*** Data shown Section Begins ***
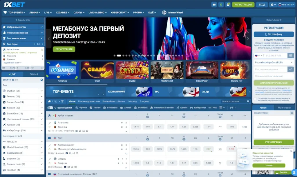 Сайт 1xBet отличается продуманным интерфейсом с удобной навигацией: главные разделы расположены на верхней панели и легко доступны даже новичкам без опыта. Основные разделы включают казино с автоматами от ведущих мировых провайдеров (NetEnt, Pragmatic Play, Microgaming, Novomatic), широкую линию ставок на спорт с 1000+ событий ежедневно, live-раздел для пари в режиме реального времени, киберспорт, а также ТВ-игры и лотереи.
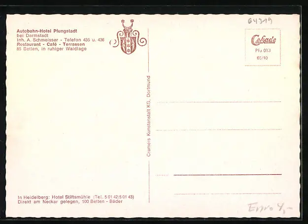 Personenbezogene Daten auf der Rückseite der Karte wurden durch blauen Textmarker unkenntlich gemacht. Die blauen Stellen sind auf die Vorderseite durchgeweicht und wirken sich negativ auf das Postkartenfoto aus
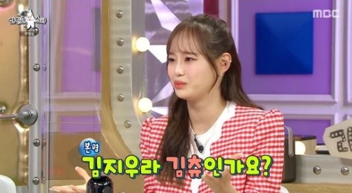 츄는 "데뷔 전 소속사에서 활동명을 정해주는데 '너는 츄' 하는 거다. 한 글자라서 당황했다. 설마 성이라도 있겠지 싶어서 김츄냐고 물었다. '본명이 김지우니까 김츄인가요? 무슨 츄일까요?' 했더니 '그냥 츄'라고 하더라. 그래서 감사하다고 했다"라고 전해 웃음을 안겼다.
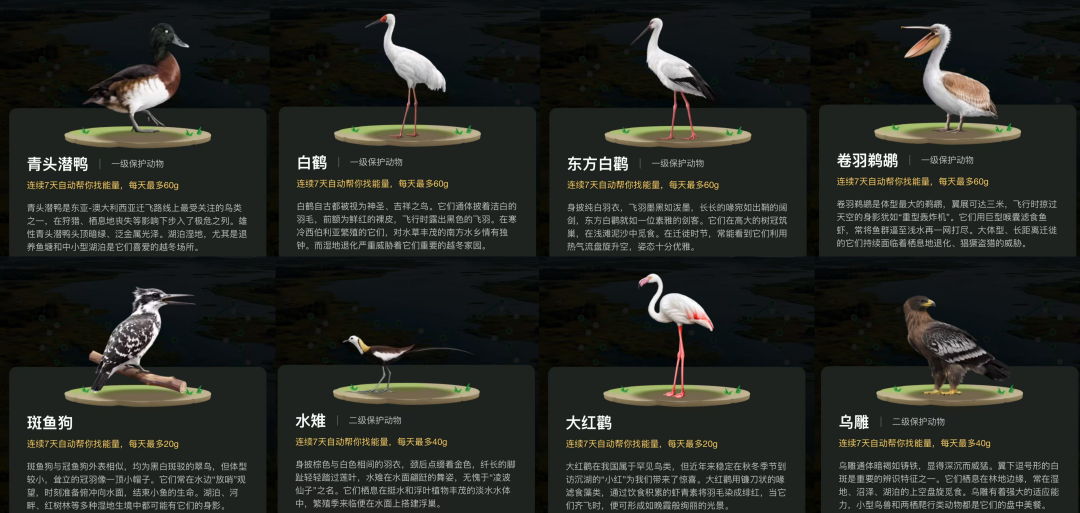 候鸟家园,云巡护。沉湖湿地是武汉唯一的国际重要湿地,也是东亚一澳大利西亚候鸟迁飞通道上的关键驿站,生物多样性极其丰富。为便于公众参与湿地保护,市民可通过蚂蚁森林在线巡护 “沉湖保护地”,将日常低碳小行动,变成守护候鸟天堂的大力量。
*** Data shown Section Ends ***
### Exercise brief
Find where the line with "Personenbezogene Daten auf" sits in the material above and where the line with "전해 웃음을 안겼다." sits. Set down exactly the lines from the first to the second, both included and nothing else, without pictures.

### Response
 Personenbezogene Daten auf der Rückseite der Karte wurden durch blauen Textmarker unkenntlich gemacht. Die blauen Stellen sind auf die Vorderseite durchgeweicht und wirken sich negativ auf das Postkartenfoto aus
 츄는 "데뷔 전 소속사에서 활동명을 정해주는데 '너는 츄' 하는 거다. 한 글자라서 당황했다. 설마 성이라도 있겠지 싶어서 김츄냐고 물었다. '본명이 김지우니까 김츄인가요? 무슨 츄일까요?' 했더니 '그냥 츄'라고 하더라. 그래서 감사하다고 했다"라고 전해 웃음을 안겼다.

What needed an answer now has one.